See C++ Interface for index building, index updates, and filtered / OOD search, and SPDK Backend to use SPDK as I/O engine (fastest).

🐍 Python

from pipeann import IndexPipeANN, Metric

idx = IndexPipeANN(data_dim=128, data_type='float32', metric=Metric.L2)
idx.omp_set_num_threads(32)
idx.set_index_prefix(index_prefix)
idx.add(vectors, tags)                          # insert (auto disk-convert at 100K)
ids, dists = idx.search(queries, topk=10, L=50) # search
idx.save(index_prefix)                          # persist

See Python Interface for the full API, including filtered / OOD search and example output.

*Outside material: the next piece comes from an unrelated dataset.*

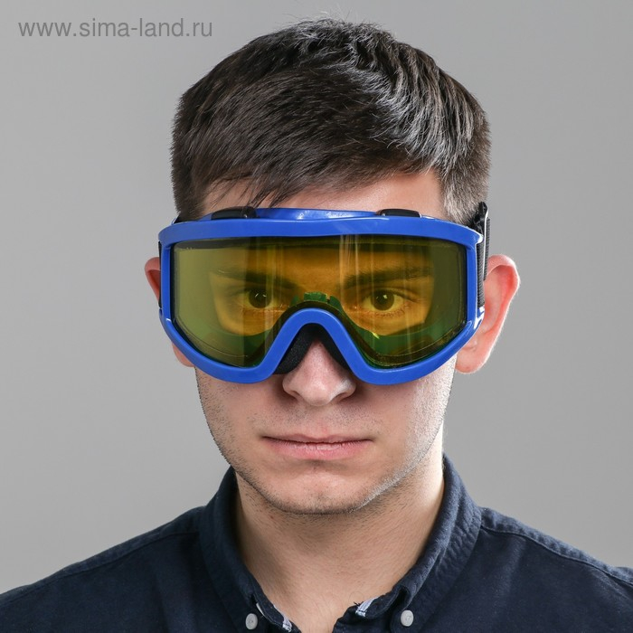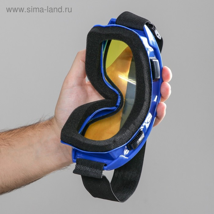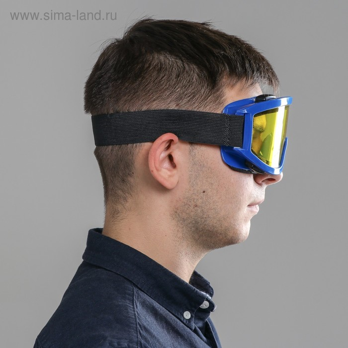 Очки-маска для езды на мототехнике, стекло двухслойное желтое, цвет синий

See Application Integrations for integration with LangChain, Qdrant, and Open WebUI.

📰 Updates

  • May 18, 2026: SPDK backend supported, stable tail latency with better multi-SSD scalability
  • May 18, 2026: Filtered Search (Speculative Filtering), OOD search (NGFix) & range search supported
  • May 18, 2026: PipeANN is integrated into OdinANN (search + insert), higher performance with less threads
  • Mar 27, 2026: PiPNN indexing algorithm supported
  • Dec 4, 2025: Inner product and filtered ANNS (arbitrary filter) supported
  • Oct 14, 2025: RaBitQ (1-bit and multi-bit quantization) supported
  • Sep 29, 2025: Python interface released
  • Jul 16, 2025: Vector update (insert/delete) supported

📖 Citation

If you use PipeANN in your research, please cite our papers:

@misc{arxiv26pipeannfilter,
      title={PipeANN-Filter: An Efficient Filtered Vector Search System on SSD}, 
      author={Hao Guo and Jiwu Shu and Youyou Lu},
      year={2026},
      eprint={2605.17992},
      archivePrefix={arXiv},
      primaryClass={cs.OS},
      url={https://arxiv.org/abs/2605.17992}, 
}

@inproceedings{fast26odinann,
  author    = {Hao Guo and Youyou Lu},
  title     = {OdinANN: Direct Insert for Consistently Stable Performance 
               in Billion-Scale Graph-Based Vector Search},
  booktitle = {24th USENIX Conference on File and Storage Technologies (FAST 26)},
  year      = {2026},
  address   = {Santa Clara, CA},
  pages     = {133--147},
  publisher = {USENIX Association}
}

@inproceedings{osdi25pipeann,
  author    = {Hao Guo and Youyou Lu},
  title     = {Achieving Low-Latency Graph-Based Vector Search via 
               Aligning Best-First Search Algorithm with SSD},
  booktitle = {19th USENIX Symposium on Operating Systems Design and Implementation (OSDI 25)},
  year      = {2025},
  address   = {Boston, MA},
  pages     = {171--186},
  publisher = {USENIX Association}
}

See Repository Layout for code layout and scripts.